§ Task to complete
Write the entries below out again exactly, but skip the pictures.

[Stored data entries]
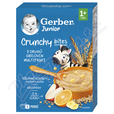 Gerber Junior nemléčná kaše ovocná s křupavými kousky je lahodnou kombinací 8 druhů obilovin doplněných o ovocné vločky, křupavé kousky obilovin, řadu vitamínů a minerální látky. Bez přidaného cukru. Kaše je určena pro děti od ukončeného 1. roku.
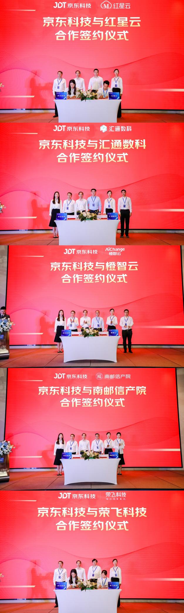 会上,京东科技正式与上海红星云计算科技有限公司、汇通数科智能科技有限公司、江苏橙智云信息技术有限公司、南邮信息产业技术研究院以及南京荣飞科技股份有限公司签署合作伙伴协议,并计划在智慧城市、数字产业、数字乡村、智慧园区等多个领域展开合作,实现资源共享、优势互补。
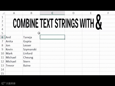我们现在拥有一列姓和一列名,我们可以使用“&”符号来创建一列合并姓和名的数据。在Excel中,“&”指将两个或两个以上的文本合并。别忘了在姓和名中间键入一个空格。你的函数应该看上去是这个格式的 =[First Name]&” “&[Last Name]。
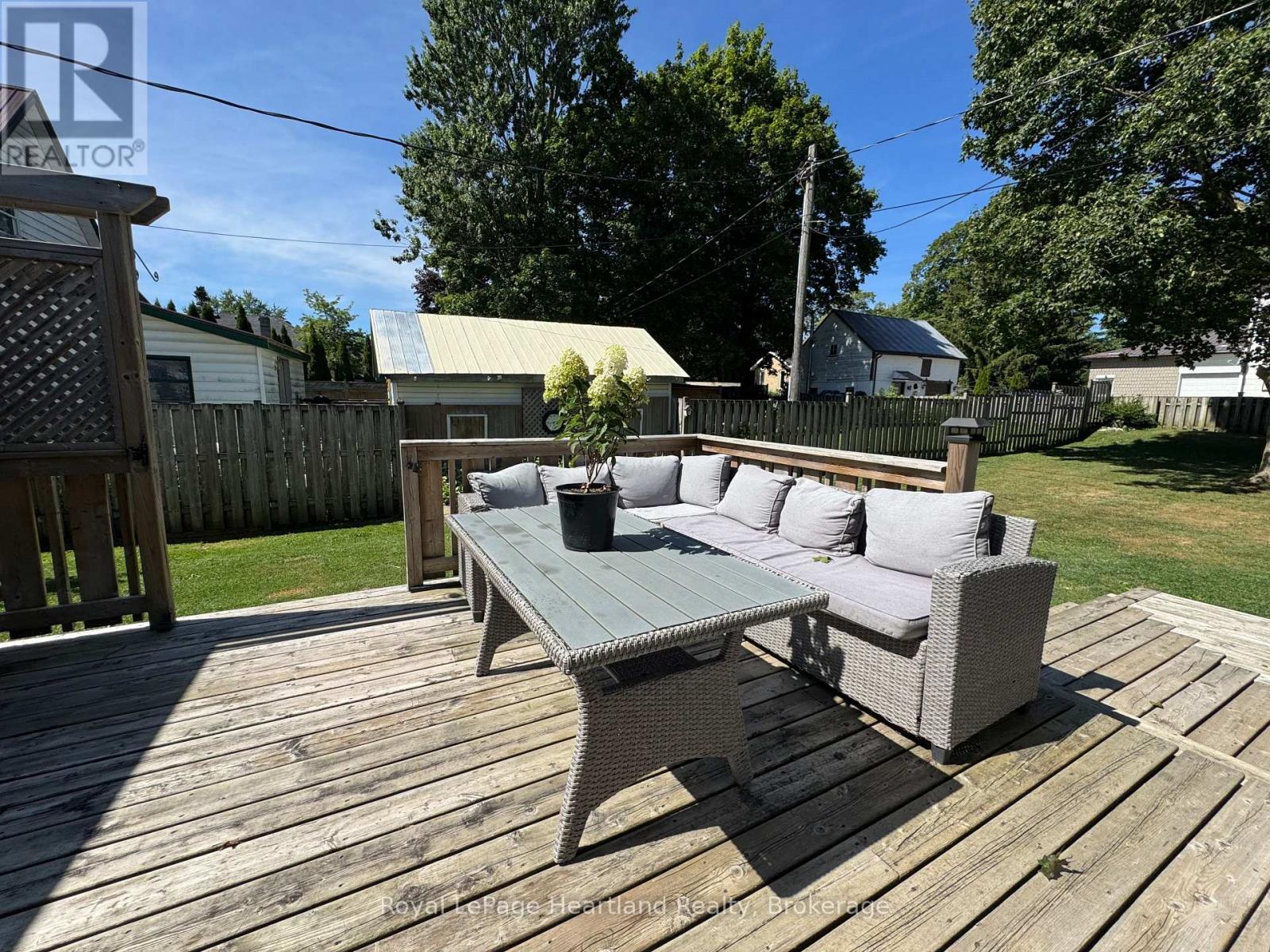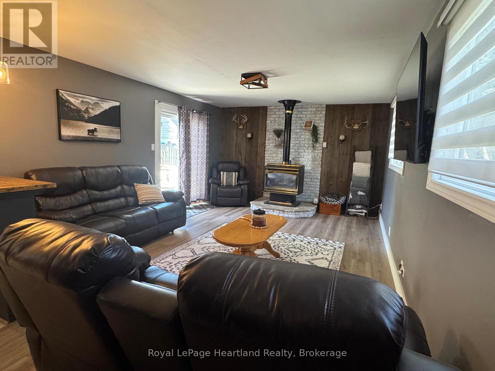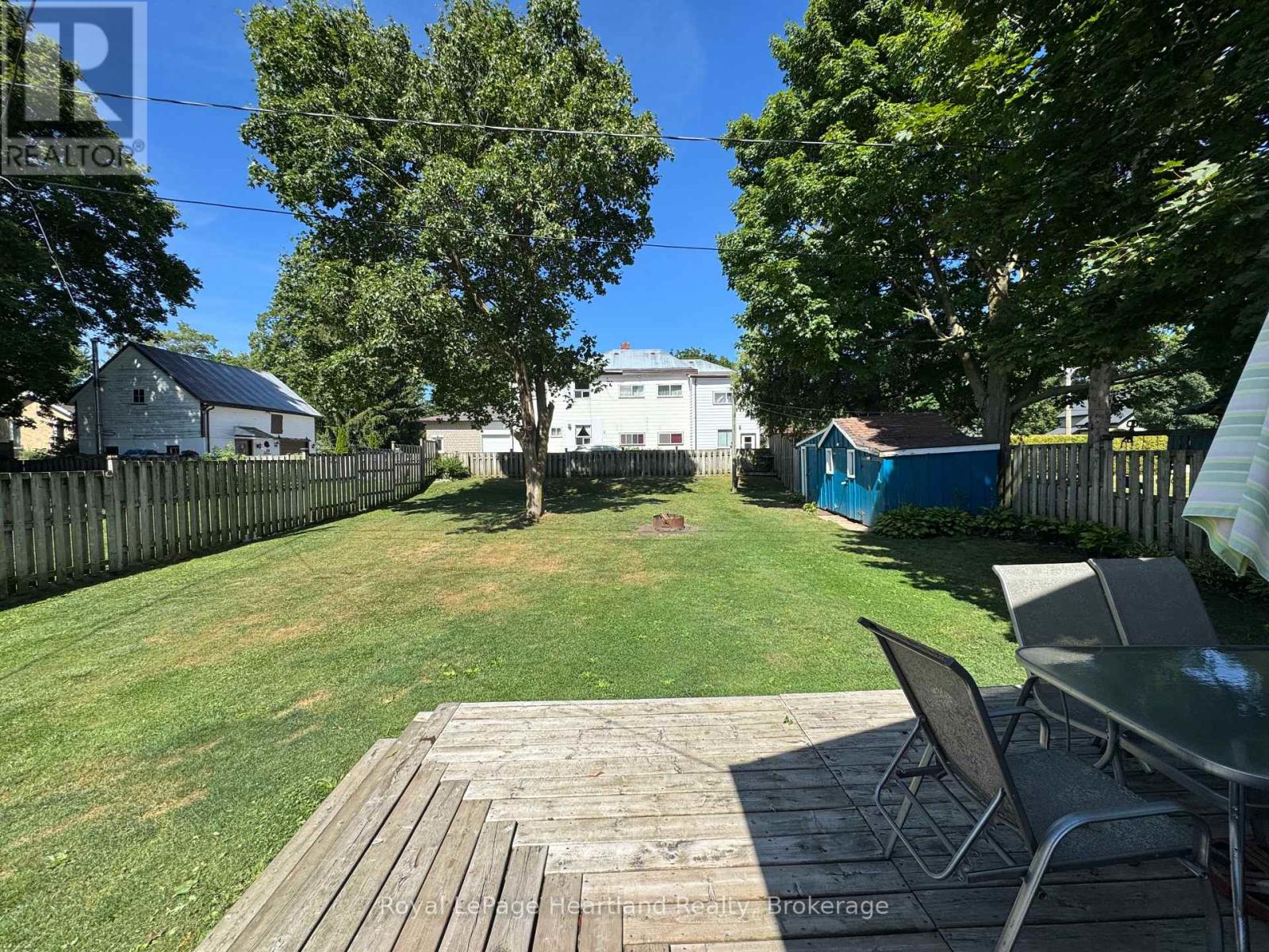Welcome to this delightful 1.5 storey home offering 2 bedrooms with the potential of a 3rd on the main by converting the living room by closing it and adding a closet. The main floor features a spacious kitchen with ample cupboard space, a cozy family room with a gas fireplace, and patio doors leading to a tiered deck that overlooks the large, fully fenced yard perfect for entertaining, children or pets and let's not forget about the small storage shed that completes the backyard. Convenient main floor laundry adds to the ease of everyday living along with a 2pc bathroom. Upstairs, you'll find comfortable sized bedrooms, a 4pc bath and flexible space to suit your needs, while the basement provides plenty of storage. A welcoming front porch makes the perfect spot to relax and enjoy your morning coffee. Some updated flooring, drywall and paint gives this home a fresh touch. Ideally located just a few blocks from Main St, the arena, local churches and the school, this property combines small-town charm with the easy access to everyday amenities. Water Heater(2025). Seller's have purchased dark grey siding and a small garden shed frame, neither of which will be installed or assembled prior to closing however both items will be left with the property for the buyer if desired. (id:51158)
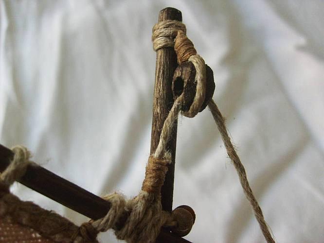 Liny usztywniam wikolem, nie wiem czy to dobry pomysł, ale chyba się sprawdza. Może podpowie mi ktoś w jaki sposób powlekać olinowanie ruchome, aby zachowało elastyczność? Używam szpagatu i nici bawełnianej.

§ Exercise output
 Gerber Junior nemléčná kaše ovocná s křupavými kousky je lahodnou kombinací 8 druhů obilovin doplněných o ovocné vločky, křupavé kousky obilovin, řadu vitamínů a minerální látky. Bez přidaného cukru. Kaše je určena pro děti od ukončeného 1. roku.
 会上,京东科技正式与上海红星云计算科技有限公司、汇通数科智能科技有限公司、江苏橙智云信息技术有限公司、南邮信息产业技术研究院以及南京荣飞科技股份有限公司签署合作伙伴协议,并计划在智慧城市、数字产业、数字乡村、智慧园区等多个领域展开合作,实现资源共享、优势互补。
我们现在拥有一列姓和一列名,我们可以使用“&”符号来创建一列合并姓和名的数据。在Excel中,“&”指将两个或两个以上的文本合并。别忘了在姓和名中间键入一个空格。你的函数应该看上去是这个格式的 =[First Name]&” “&[Last Name]。
Welcome to this delightful 1.5 storey home offering 2 bedrooms with the potential of a 3rd on the main by converting the living room by closing it and adding a closet. The main floor features a spacious kitchen with ample cupboard space, a cozy family room with a gas fireplace, and patio doors leading to a tiered deck that overlooks the large, fully fenced yard perfect for entertaining, children or pets and let's not forget about the small storage shed that completes the backyard. Convenient main floor laundry adds to the ease of everyday living along with a 2pc bathroom. Upstairs, you'll find comfortable sized bedrooms, a 4pc bath and flexible space to suit your needs, while the basement provides plenty of storage. A welcoming front porch makes the perfect spot to relax and enjoy your morning coffee. Some updated flooring, drywall and paint gives this home a fresh touch. Ideally located just a few blocks from Main St, the arena, local churches and the school, this property combines small-town charm with the easy access to everyday amenities. Water Heater(2025). Seller's have purchased dark grey siding and a small garden shed frame, neither of which will be installed or assembled prior to closing however both items will be left with the property for the buyer if desired. (id:51158)
 Liny usztywniam wikolem, nie wiem czy to dobry pomysł, ale chyba się sprawdza. Może podpowie mi ktoś w jaki sposób powlekać olinowanie ruchome, aby zachowało elastyczność? Używam szpagatu i nici bawełnianej.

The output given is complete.